→ **Work item**: In the entries below, find the line with "Retinografia é um" and the line with "- Sans titre, 2023", then retype both and everything between them exactly. Do not copy the pictures.

→ **Records**:
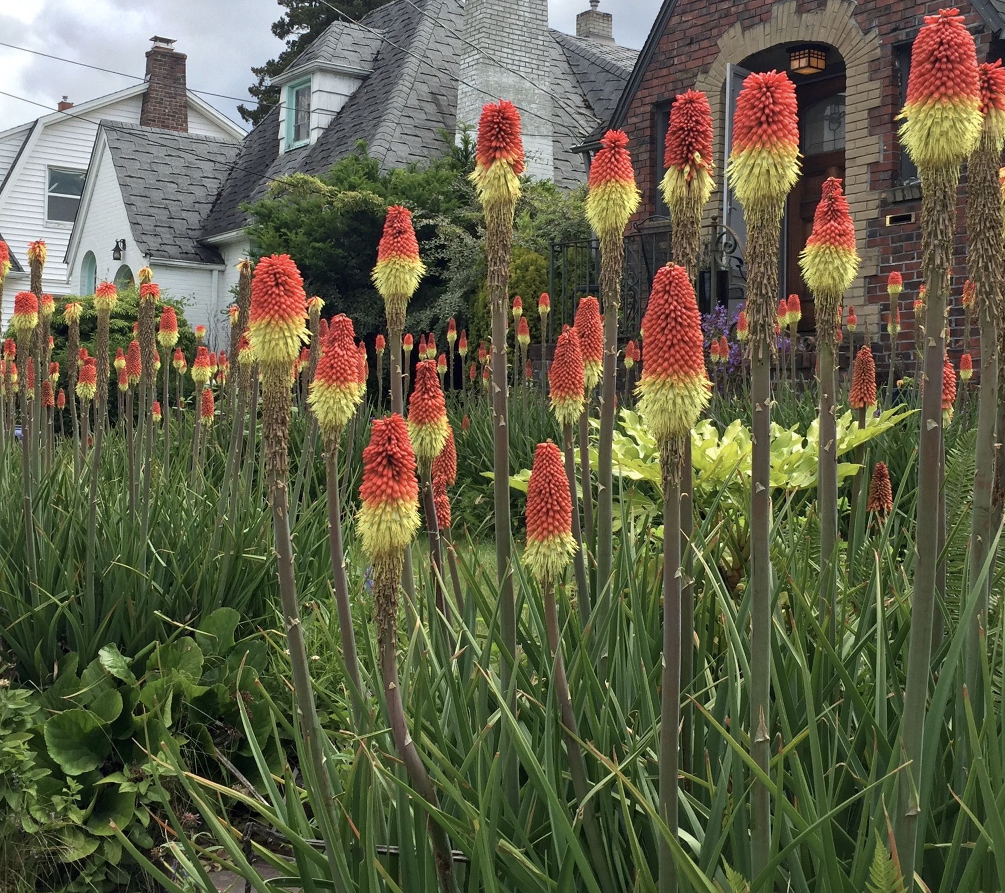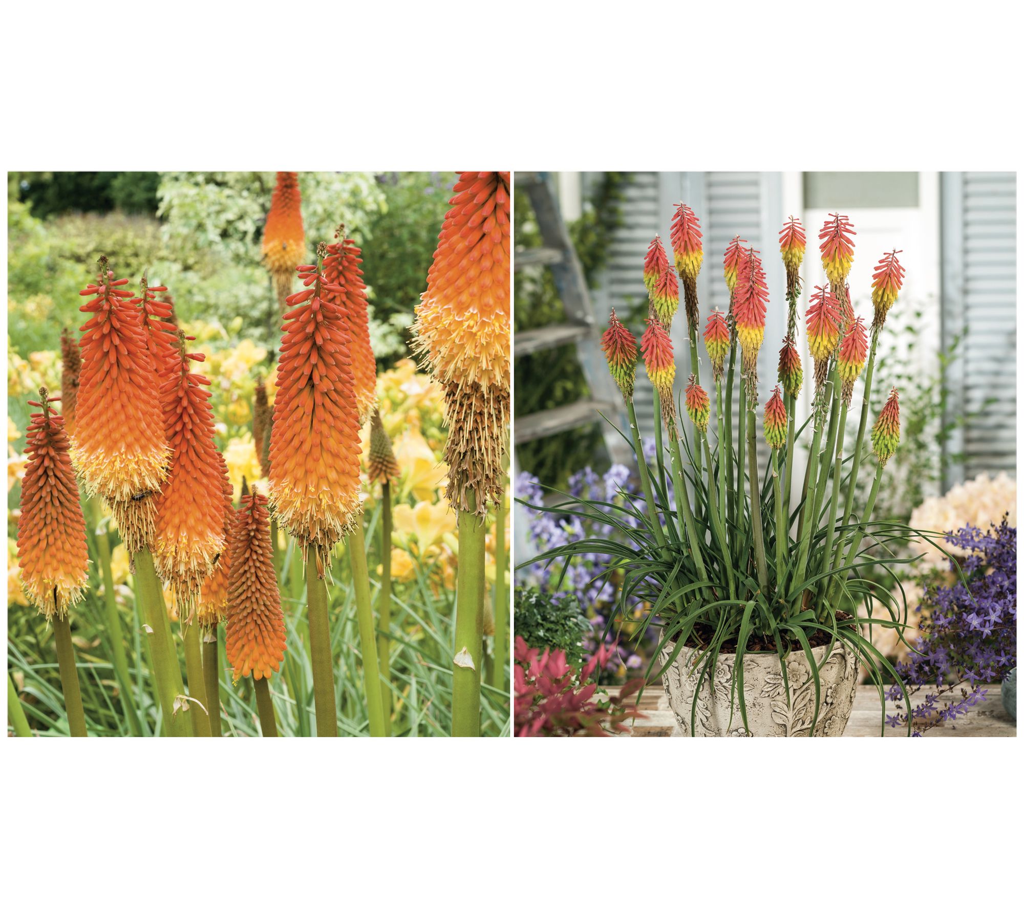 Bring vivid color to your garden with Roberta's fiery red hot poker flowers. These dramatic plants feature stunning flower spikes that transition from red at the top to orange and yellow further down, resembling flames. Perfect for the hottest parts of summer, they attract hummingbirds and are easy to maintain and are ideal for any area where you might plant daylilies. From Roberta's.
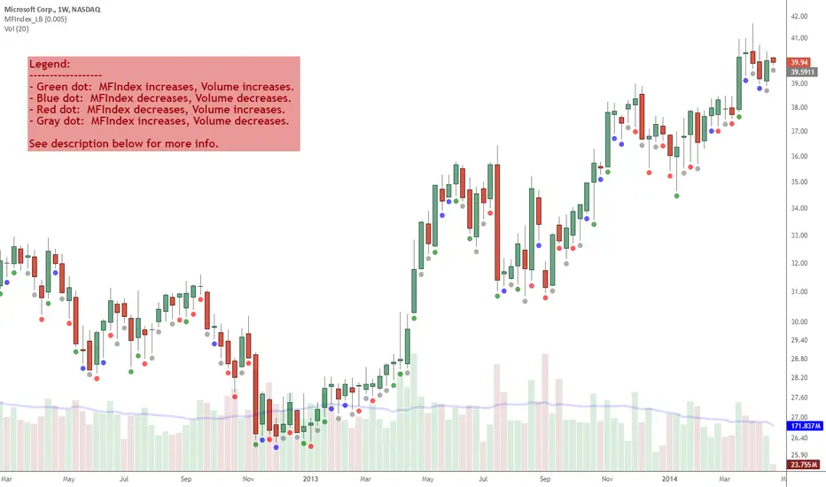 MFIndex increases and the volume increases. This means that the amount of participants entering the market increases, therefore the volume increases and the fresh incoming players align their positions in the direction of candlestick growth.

---

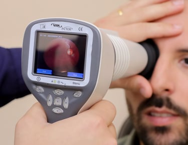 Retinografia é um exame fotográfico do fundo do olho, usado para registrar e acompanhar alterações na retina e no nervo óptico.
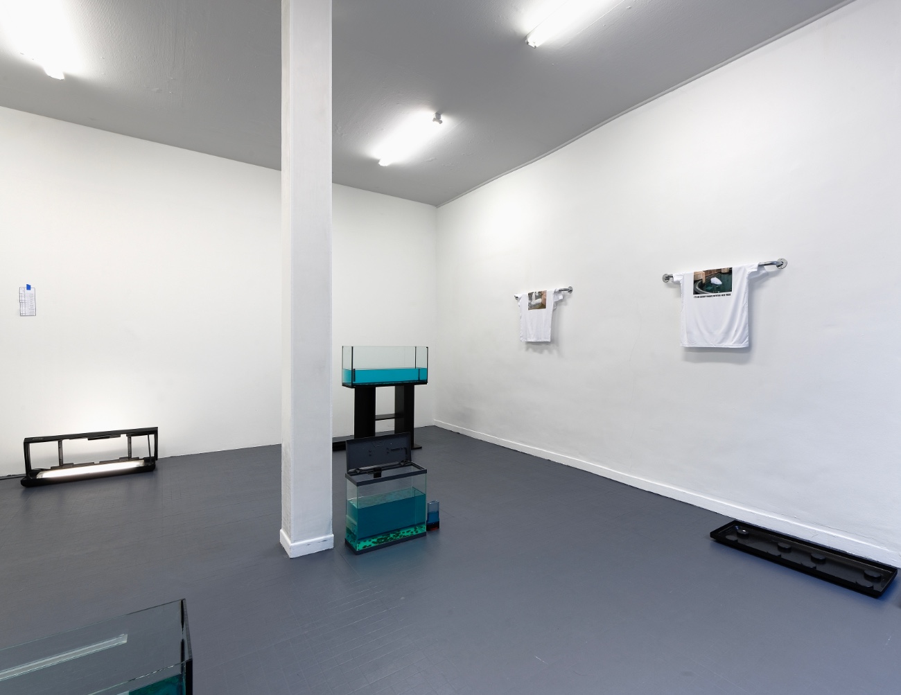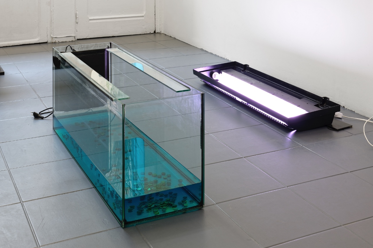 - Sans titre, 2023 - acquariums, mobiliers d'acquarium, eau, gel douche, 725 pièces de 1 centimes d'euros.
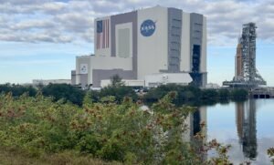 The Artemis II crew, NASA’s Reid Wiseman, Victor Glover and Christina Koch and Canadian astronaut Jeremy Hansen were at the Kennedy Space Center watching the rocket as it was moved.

* * *

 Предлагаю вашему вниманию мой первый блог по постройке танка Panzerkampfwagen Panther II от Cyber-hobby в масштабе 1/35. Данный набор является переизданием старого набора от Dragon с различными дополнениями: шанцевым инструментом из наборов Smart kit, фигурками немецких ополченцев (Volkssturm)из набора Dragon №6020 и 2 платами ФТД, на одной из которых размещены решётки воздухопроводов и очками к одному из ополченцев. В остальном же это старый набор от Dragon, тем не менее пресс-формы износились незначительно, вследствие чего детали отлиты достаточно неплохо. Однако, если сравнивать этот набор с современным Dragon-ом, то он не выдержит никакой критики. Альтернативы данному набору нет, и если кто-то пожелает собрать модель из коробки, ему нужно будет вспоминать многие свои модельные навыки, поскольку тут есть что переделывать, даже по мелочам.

→ **Answer to the exercise**:
 Retinografia é um exame fotográfico do fundo do olho, usado para registrar e acompanhar alterações na retina e no nervo óptico.
 - Sans titre, 2023 - acquariums, mobiliers d'acquarium, eau, gel douche, 725 pièces de 1 centimes d'euros.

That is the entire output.